Joseph Stalin

Joseph Stalin bore the greatest responsibility for some of the disasters at the beginning of the war (for example, the Battle of Kiev), but can be equally praised for the subsequent success of the Soviet Army, which would have been impossible without the unprecedentedly rapid industrialization of the Soviet Union, which was the first priority of Stalin's internal policy throughout the 1930s. Stalin's Great Purge of the Red Army in the late 1930s consisted of the legal prosecution of many of the senior command, many of whom were convicted and sentenced to death or imprisonment. The executed included Mikhail Tukhachevsky, a proponent of armoured blitzkrieg. Stalin promoted some obscurantists like Grigory Kulik (who opposed the mechanization of the army and the production of tanks), but on the other hand purged the older commanders who had had their positions since the Russian Civil War, and had experience, but were deemed "politically unreliable". This opened up those places to the promotion of many younger officers that Stalin and the NKVD thought were in line with Stalinist politics, many of whom proved to be terribly inexperienced, but some were later very successful.
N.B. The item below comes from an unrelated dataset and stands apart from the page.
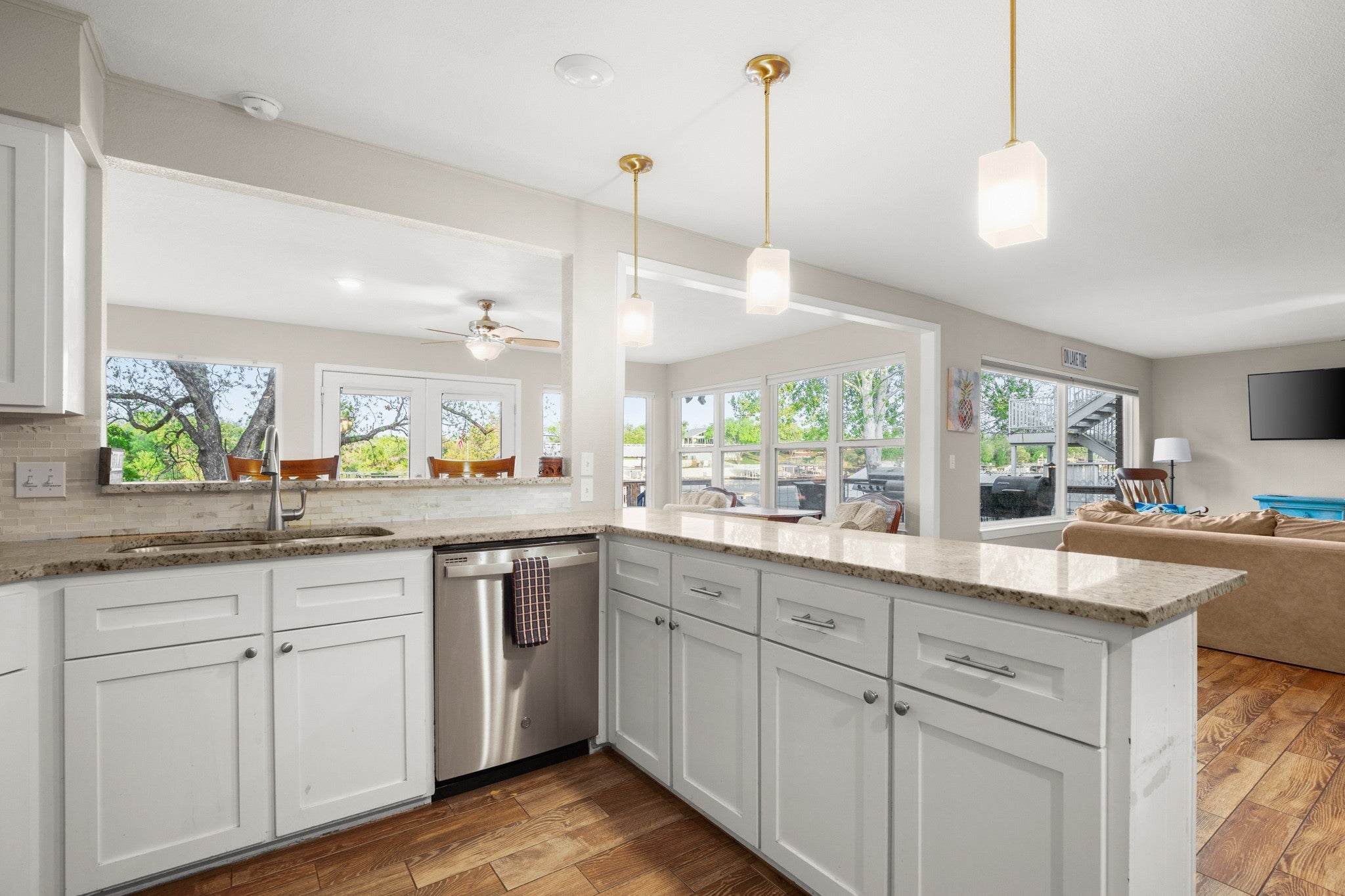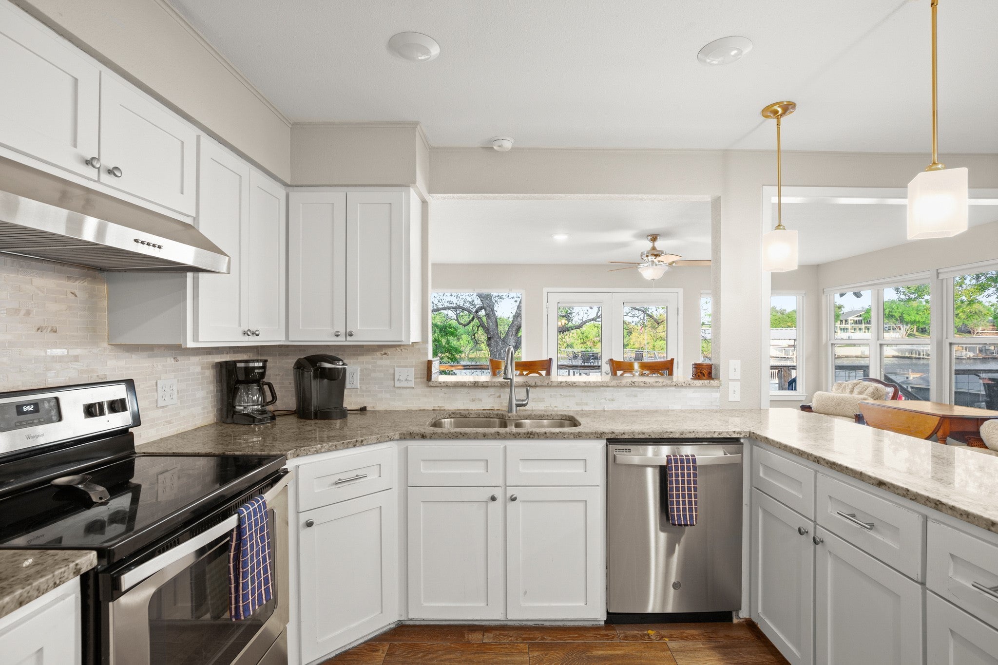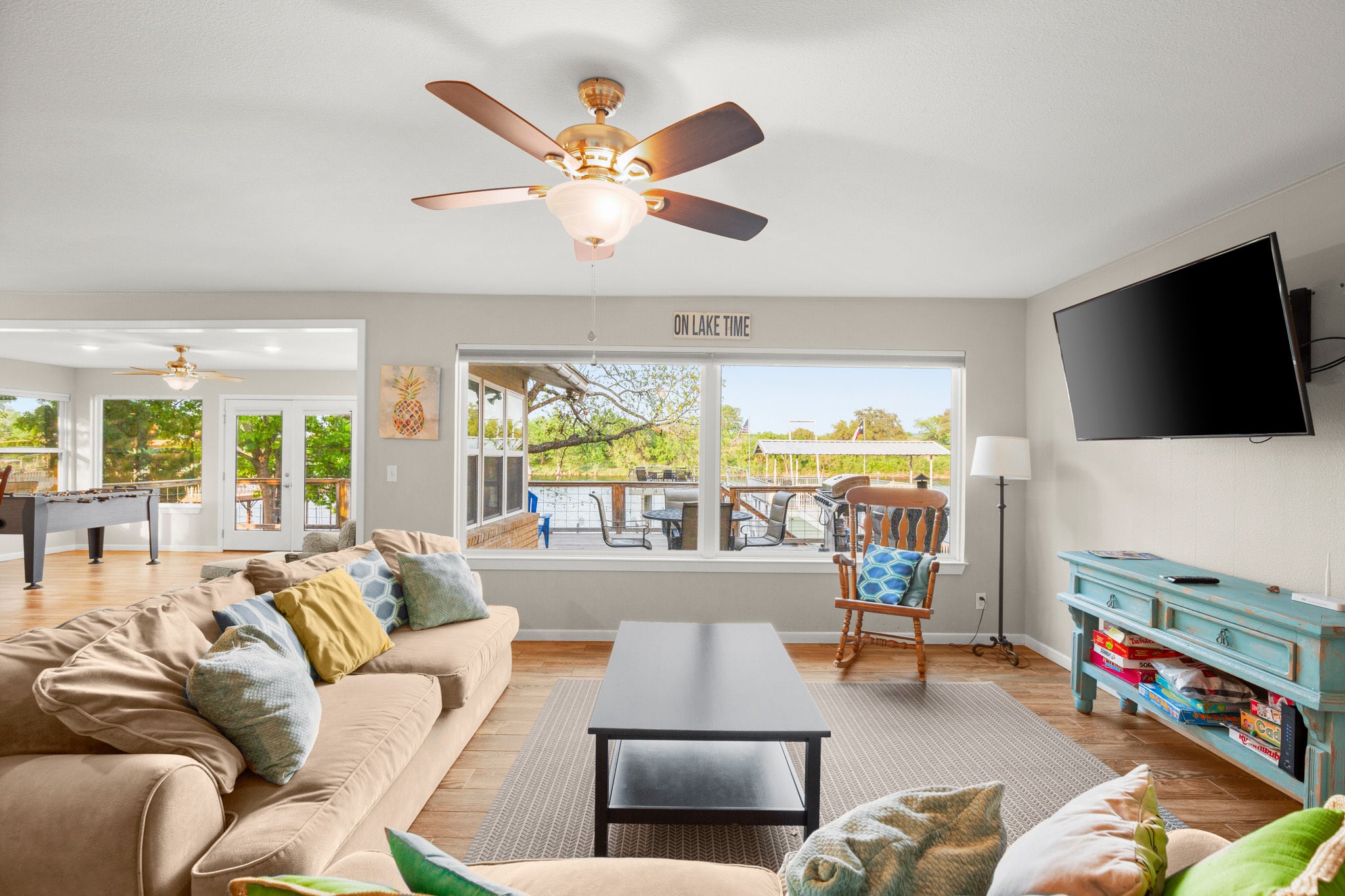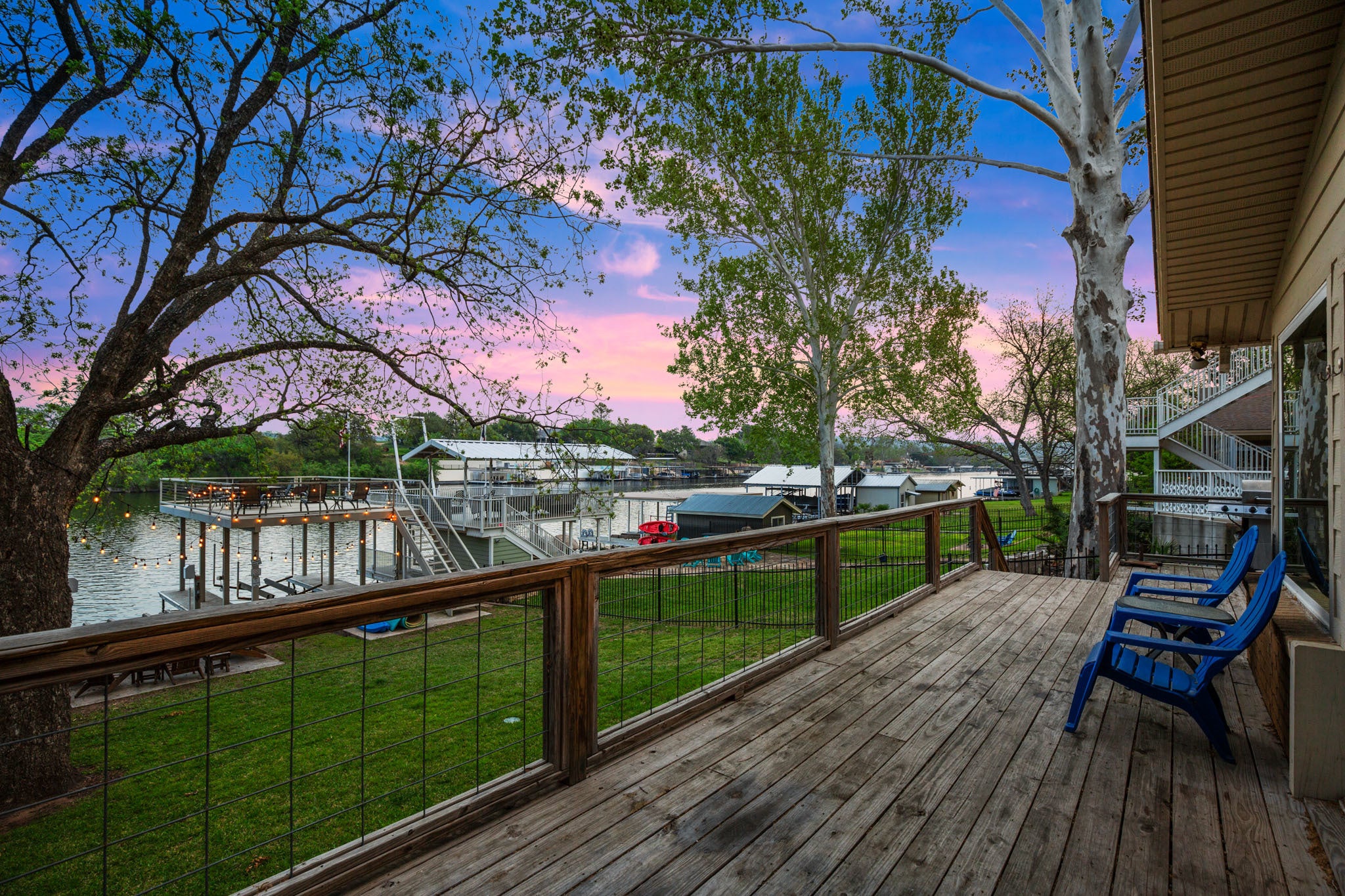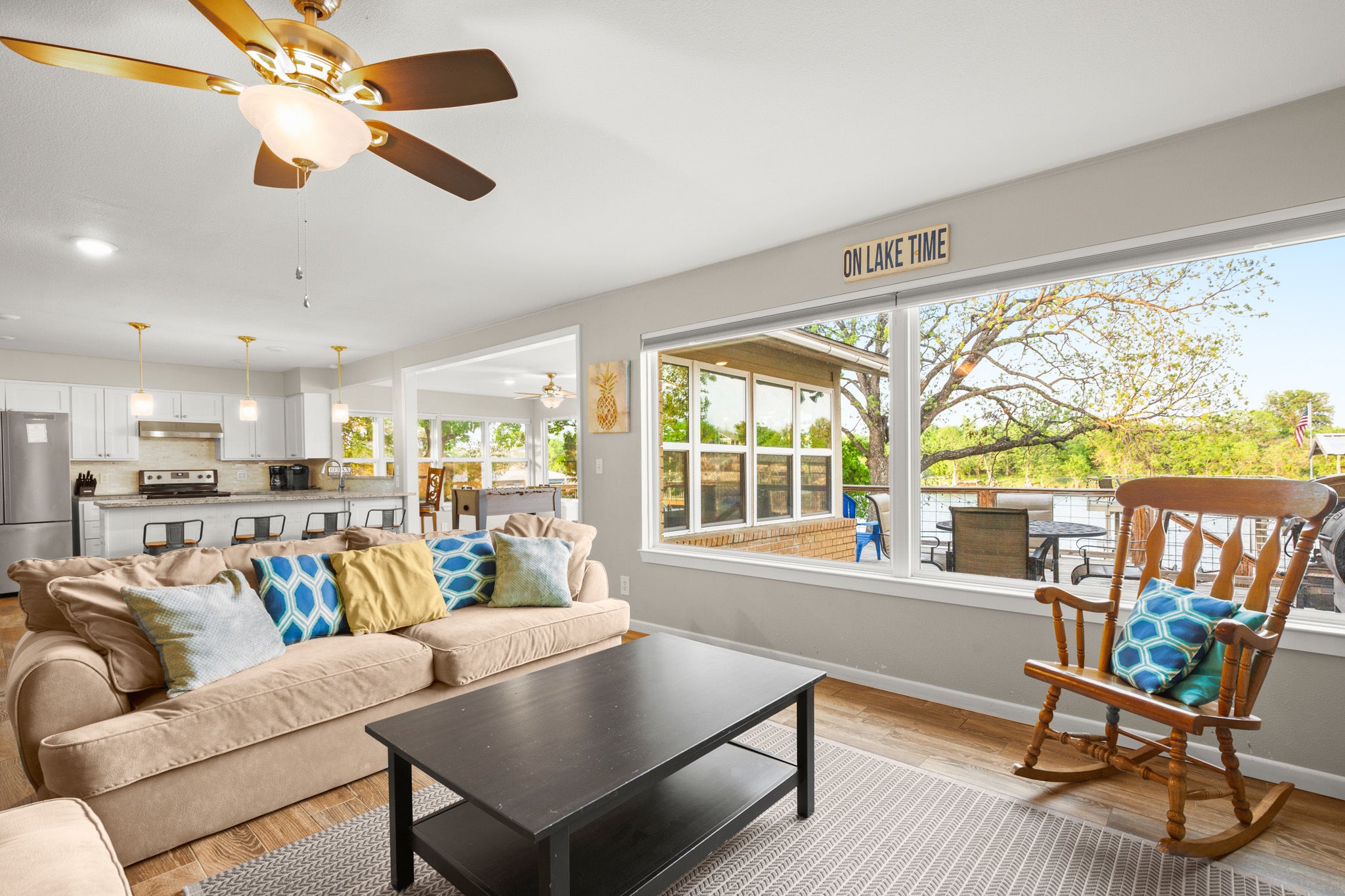 Experience the pinnacle of waterfront living on the constant-level Lake LBJ. Situated on the premier Upper Colorado Arm, this 2,208 sq. ft. retreat was completely renovated in 2017 and remained completely dry during the October 2018 flood. Boasting an open-concept layout with 3 bedrooms and 3 baths, the home features a massive bonus room, bringing the total sleep count to 12 in beds. The modern kitchen—complete with granite counters and stainless appliances—flows into a stunning indoor sun porch, the perfect spot for sunrise coffee over the water. Outside, the 50-foot bulkhead, jet ski ramp, and boat dock (both redone in 2017) sit on excellent deep water, providing year-round access for large boats and watercraft regardless of the season. This is a true "Plug & Play" opportunity: all furnishings, linens, and kitchenware convey. STR is allowed in the neighborhood, so you can continue the successful "Ski Shores" rental legacy or move right in for your first lake summer. Ample parking for 4+ vehicles and trailers.

Soviet tank output remained the largest in the world. Distrust of the military led, since the foundation of the Red Army in 1918, to a system of "dual command", in which every commander was paired with a political commissar, a member of the Communist Party of the Soviet Union. Larger units had military councils consisting of the commander, commissar and chief of staff, who ensured that the commanding officer was loyal and implemented Party orders. Following the Soviet occupation of eastern Poland, the Baltic states and Bessarabia and Northern Bukovina in 1939–40, Stalin insisted that every fold of the new territories should be occupied; this move westward left troops far from their depots in salients that left them vulnerable to encirclement. There was an assumption that, in the event of a German invasion, the Red Army would take the strategic offensive and fight the war mostly outside the borders of the Soviet Union; thus few plans were made for strategic defensive operations. H

wever, fortifications were built. As tension heightened in spring 1941, Stalin was desperate not to give Hitler any provocation that could be used as an excuse for an attack; this caused him to refuse to allow the military to go onto the alert even as German troops gathered on the borders and German reconnaissance planes overflew installations. This refusal to take the necessary action was instrumental in the destruction of major portions of the Red Air Force, lined up on its airfields, in the first days of the war. Stalin's insistence on repeated counterattacks without adequate preparation led to the loss of almost the whole of the Red Army's tank corps in 1941 – many tanks simply ran out of fuel on their way to the battlefield through faulty planning or ignorance of the location of fuel dumps. While some regard this offensive strategy as an argument for Soviet aggressive strategic plans, the offensive operational planning was not, by itself, evidence of any aggressive foreign policy intent.[citation needed] Unlike Hitler, Stalin was able to learn lessons and improve his conduct of the war. He gradually came to realise the dangers of inadequate preparation and built up a competent command and control organization – the Stavka. Incompetent commanders were gradually but ruthlessly weeded out. At the crisis of the war, in autumn 1942, Stalin made many concessions to the army: unitary command was restored by removing the Commissars from the chain of command. After the Battle of Stalingrad, shoulderboards were introduced for all ranks; this was a significant symbolic step, since they had been seen as a symbol of the old regime after the Russian Revolution of 1917. Beginning in autumn 1941, units that had proved themselves by superior performance in combat were given the traditional "Guards" title. But these concessions were combined with ruthless discipline: Order No. 227, issued on 28 July 1942, threatened commanders who retreated without orders with punishment by court-martial. Infractions by military and politruks were punished with transferral to penal battalions and penal companies, and the NKVD's barrier troops would shoot soldiers who fled.